# how to quickly import photos into Powerpoint??



## Ariell (Mar 28, 2005)

Hi. I need to create a photo album with Powerpoint and I'm not that familiar with importing photos into PPT. Is there a quick way to import a bunch of photos into Powerpoint? Or do I have to do it one by one? I know with a PC there is a photo album option in the menu. Any suggestions would be very much appreciated! Thanks.


----------



## eMacMan (Nov 27, 2006)

Not that familiar with PPT 2008 but if it does not have to be in PPT don't forget iPhoto!


----------



## live4ever (Jun 23, 2003)

Automator there's an action called:

*Create PowerPoint Picture Slide Shows

This action creates a new PowerPoint slide show that contains the images passed from the previous action.

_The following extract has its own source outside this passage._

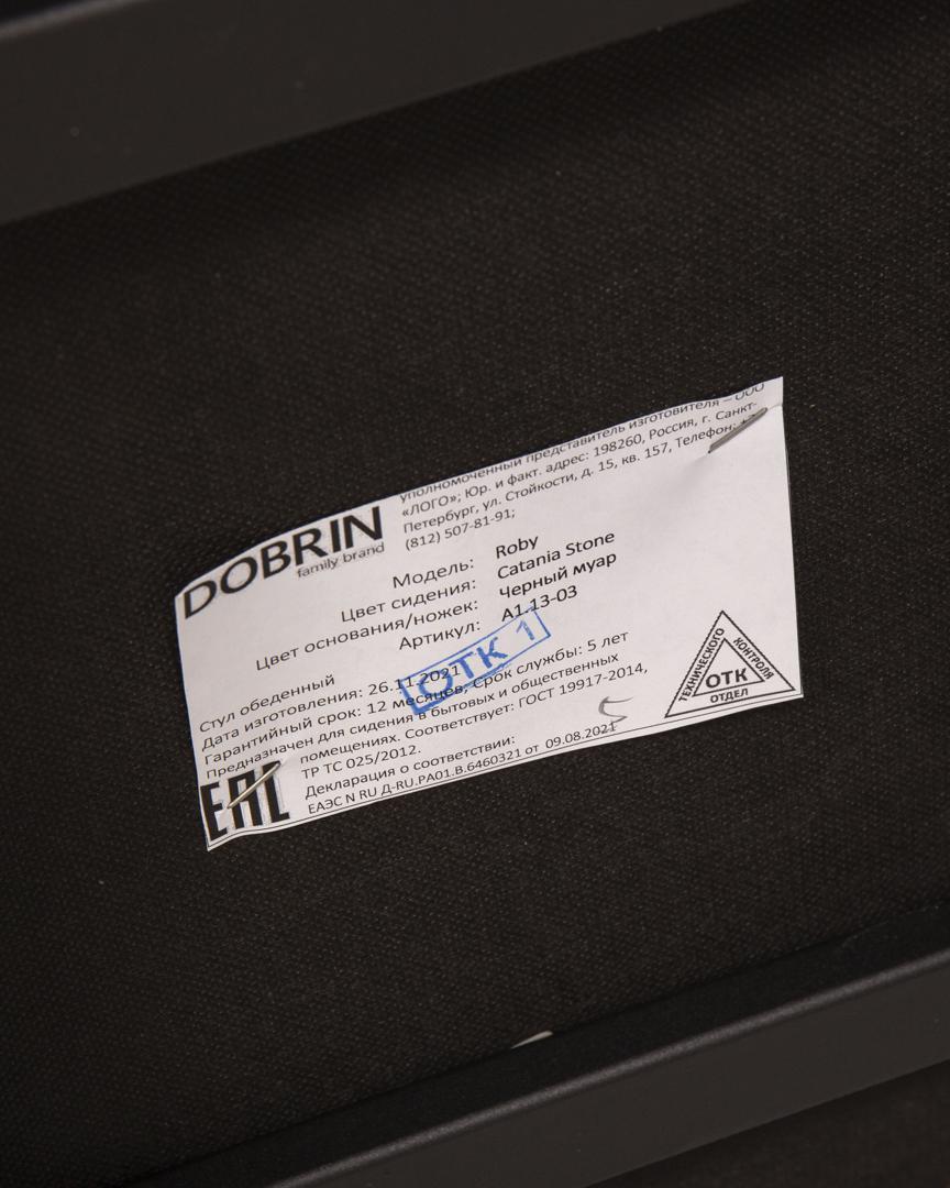 Стул DOBRIN Стул обеденный DOBRIN ROBY, ЭМАЛЬ ЧЕРНЫЙ МУАР велюр Catania Stone арт. A1.13-03_B-M_TT-Catania-Stone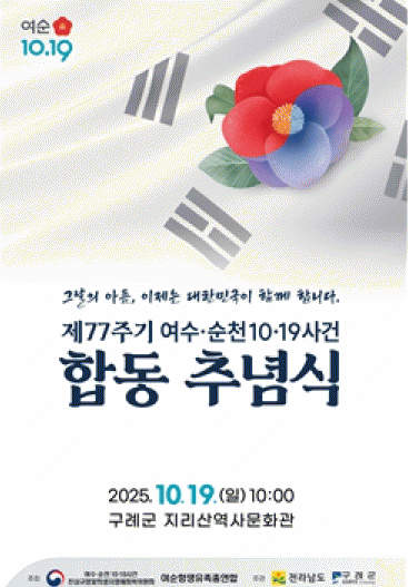 Àü³² ±¸·Ê±ºÀº ¿©¼ø»ç°ÇÀÇ ¿ª»çÀû Àǹ̸¦ µÇ»õ±â°í Èñ»ýÀÚ¿Í À¯Á·µéÀ» À§·ÎÇϱâ À§ÇÑ¡®¿©¼ø»ç°Ç Á¦77ÁÖ±â Á¤ºÎÁÖÃÖ ÇÕµ¿Ãß³ä½Ä¡¯ÀÌ ¿À´Â 19ÀÏ ±¸·Ê±º Áö¸®»ê¿ª»ç¹®È°ü¿¡¼ °³ÃÖµÈ´Ù°í ¹àÇû´Ù.

Requires:	Images of type .gif, .jpg, .pict, .png, .bmp.
Input:	(Files/Folders) Image files
Result:	PowerPoint presentations
Version:	1.1
Copyright:	© 2007 Microsoft Corporation. All rights reserved.*

Needs 2008 I believe.


----------



## andrea907 (Jul 17, 2009)

*how to make a photo album with MC powerpoint ?*

Applies to: Microsoft Office PowerPoint 2007

Creating an album with PowerPoint 

Step1: start PowerPoint2007, click on the button Photo Album on the Insert tab and select the New Photo Album...

Step2: In the Photo Album dialog box, add the pictures you want to include in your photo album.

Step 3: Add a picture from a file or disk.
1. Under Insert picture from, click File/Disk…
2. Locate the folder or disk that contains the picture you want to add to your photo album, click the picture file, and then click Insert.
Notes: If you want to add a large group of pictures to a new photo album all at once, after clicking File/Disk in the Photo Album dialog box, select all the pictures that you want to add to your photo album, click Insert.

Step4: Set up the album layout.
1. Select the picture layout below: 
Picture: layout your pictures with title.
Fit to slide: layout your pictures unable to change frame shapes.
2. Select a shape in the Frame shape list that you want to use with your pictures.
3. Theme: click Browse, and then in the Choose Design Template dialog box, locate the design template you want to use, and then click Select. 
Step5: Click Create. Then you are complete a photo album.
Note: You can edit the photo album at any time. Once your digital photo album is created, it is totally editable. Click on the button Photo Album on the Insert tab 
and select the Edit Photo Album...

For more details ,check it out below :
How to Create a Self-running Photo Album with PowerPoint and Distribute it


----------



## charlene (Jul 20, 2009)

*digital photo album with ppt*

Below is the step of how to create an attractive digital photo album with PowerPoint 2007 in 6 steps:

1. Open PowerPoint, on the Insert tab, click the Photo Album button, in the drop-down list, there is the New Photo Album option. 
2. Insert pictures 
Click File/Disc button. Choose pictures you want to include in the album from folders on your hard disc. (Tip: you can import several pictures to the album at a time) 
In the photo album dialogue box, you will see the selected pictures in the Picture in Album list. You can view each picture by clicking it. And you can also change the order of a picture by choosing it and clicking the Move Up or Move Down button. Below the preview of the picture, you will be able to see six buttons, which you can use to adjust the rotation, contrast and brightness of each picture.

3. Create album layout 
Under Album Layout, by clicking Picture layout arrow, and then in the drop-down list, you can choose the layout format you like. By clicking Frame Shape arrow, in the drop-down list of it you can choose the frame you want to add to your pictures.



4. Create title and subtitle for your album 
After you have clicked Create button, on Slide 1, type the title you want for your album in the place of the words of Photo Album. Then if necessary, give your album a subtitle by inputting it in the place of your user name.
Display Slide 2, click the title placeholder, and then type the title for this slide.



5. Edit the photo album 
On the Insert tab, click the Photo Album arrow, and then click Edit Photo Album.
In the Edit Photo Album dialog box, under Picture Options, select Captions below All pictures box, and then click Update.


Now you can edit the file name below each picture with a suitable caption.
6. Apply a theme to your album 
On the Design tab of PowerPoint, in the Themes area, select a theme that meets the need of your album.
Or you can also customize the look of your album by choosing a theme from your computer.


----------



## charlene (Jul 20, 2009)

if you are still not clear, you may visit here to find the detail answer.


----------



## chas_m (Dec 2, 2007)

Holy cow.

Here's how to do it in keynote:

1. Open Keynote, choose theme.
2. Drag pictures (en masse) to the sidebar. Boom, each picture has a slide.

You're done.


----------